Task requirements:
Please transcribe exactly, and only, the lines of the data below between the line holding "Union Minister for" and the line holding "El Colchón Cama", inclusive.

Supplied entries:
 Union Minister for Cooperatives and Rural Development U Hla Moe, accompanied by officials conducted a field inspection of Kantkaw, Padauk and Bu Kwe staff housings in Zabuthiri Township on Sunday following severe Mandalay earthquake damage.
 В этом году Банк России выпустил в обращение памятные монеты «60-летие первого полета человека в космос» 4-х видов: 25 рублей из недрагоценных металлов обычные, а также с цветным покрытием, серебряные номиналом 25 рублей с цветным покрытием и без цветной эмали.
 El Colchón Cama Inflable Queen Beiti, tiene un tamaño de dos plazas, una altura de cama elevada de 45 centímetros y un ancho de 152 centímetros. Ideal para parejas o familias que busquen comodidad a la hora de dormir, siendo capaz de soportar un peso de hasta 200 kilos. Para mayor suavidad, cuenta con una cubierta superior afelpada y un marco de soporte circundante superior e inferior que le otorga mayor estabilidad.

...

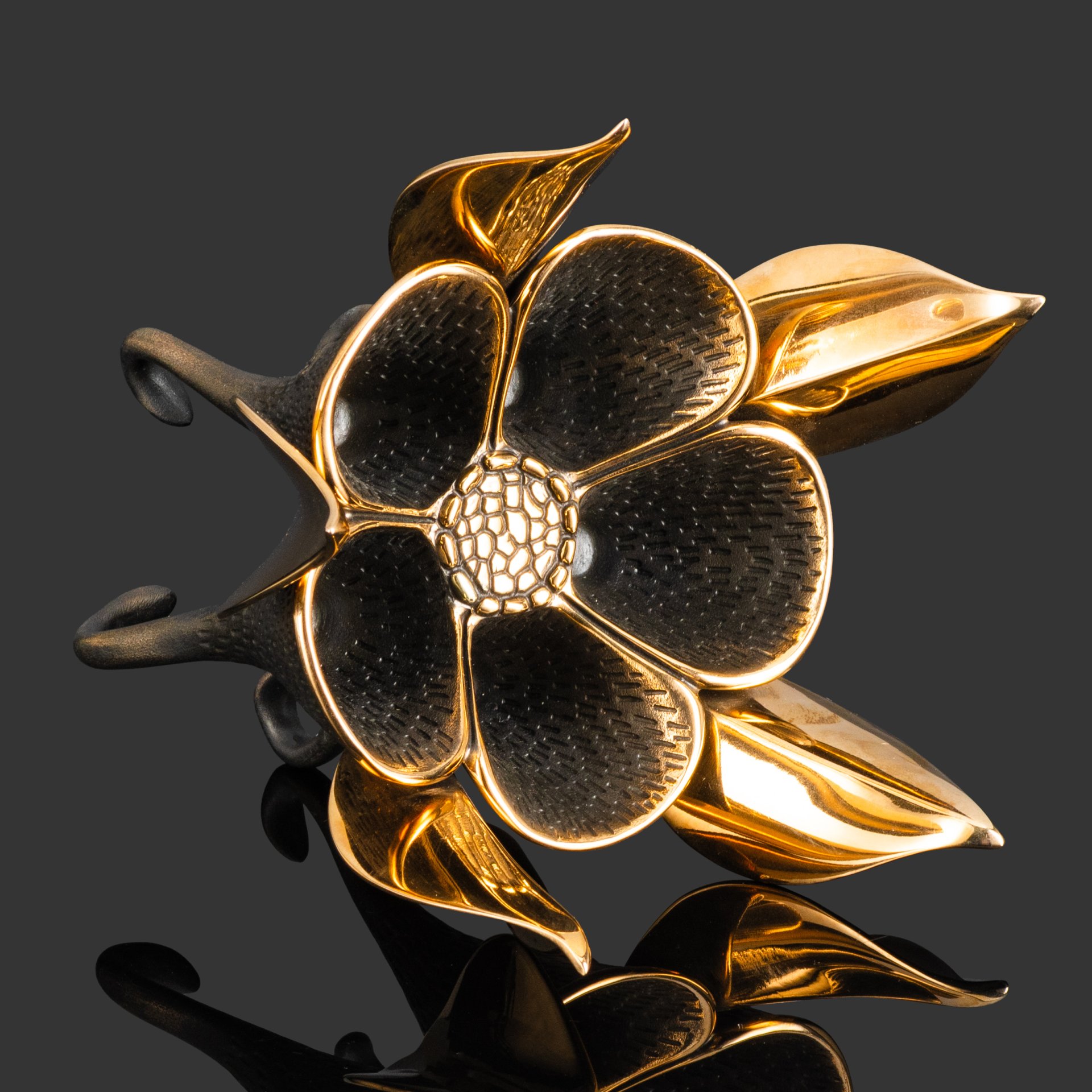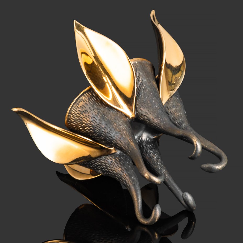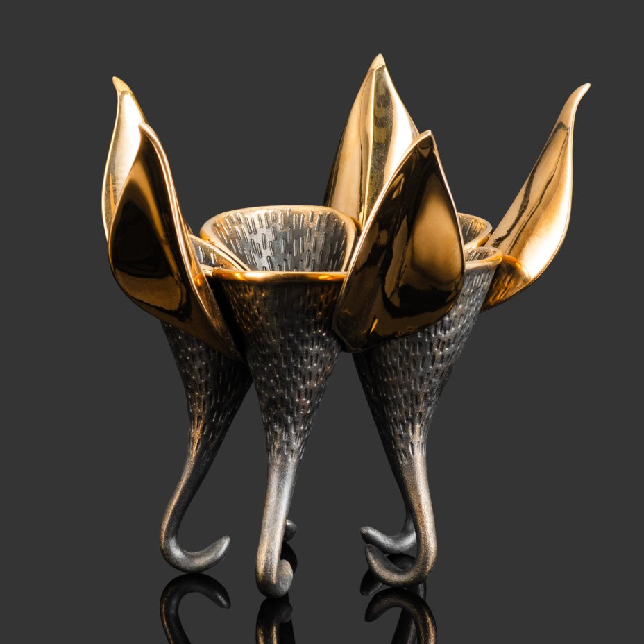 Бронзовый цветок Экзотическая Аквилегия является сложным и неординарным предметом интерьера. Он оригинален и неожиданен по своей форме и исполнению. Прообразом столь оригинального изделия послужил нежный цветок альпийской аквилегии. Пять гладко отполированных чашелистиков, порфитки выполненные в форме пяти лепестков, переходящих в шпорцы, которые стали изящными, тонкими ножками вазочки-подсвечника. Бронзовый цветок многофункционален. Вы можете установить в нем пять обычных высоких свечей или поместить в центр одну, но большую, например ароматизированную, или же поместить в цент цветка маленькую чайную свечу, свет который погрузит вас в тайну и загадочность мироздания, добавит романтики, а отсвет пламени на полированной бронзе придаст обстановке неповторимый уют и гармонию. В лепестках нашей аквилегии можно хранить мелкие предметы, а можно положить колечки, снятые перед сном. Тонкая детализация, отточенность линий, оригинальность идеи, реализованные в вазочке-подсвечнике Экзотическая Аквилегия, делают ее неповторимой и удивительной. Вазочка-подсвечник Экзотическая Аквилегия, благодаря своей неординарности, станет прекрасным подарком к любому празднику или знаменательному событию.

The answer:
 Union Minister for Cooperatives and Rural Development U Hla Moe, accompanied by officials conducted a field inspection of Kantkaw, Padauk and Bu Kwe staff housings in Zabuthiri Township on Sunday following severe Mandalay earthquake damage.
 В этом году Банк России выпустил в обращение памятные монеты «60-летие первого полета человека в космос» 4-х видов: 25 рублей из недрагоценных металлов обычные, а также с цветным покрытием, серебряные номиналом 25 рублей с цветным покрытием и без цветной эмали.
 El Colchón Cama Inflable Queen Beiti, tiene un tamaño de dos plazas, una altura de cama elevada de 45 centímetros y un ancho de 152 centímetros. Ideal para parejas o familias que busquen comodidad a la hora de dormir, siendo capaz de soportar un peso de hasta 200 kilos. Para mayor suavidad, cuenta con una cubierta superior afelpada y un marco de soporte circundante superior e inferior que le otorga mayor estabilidad.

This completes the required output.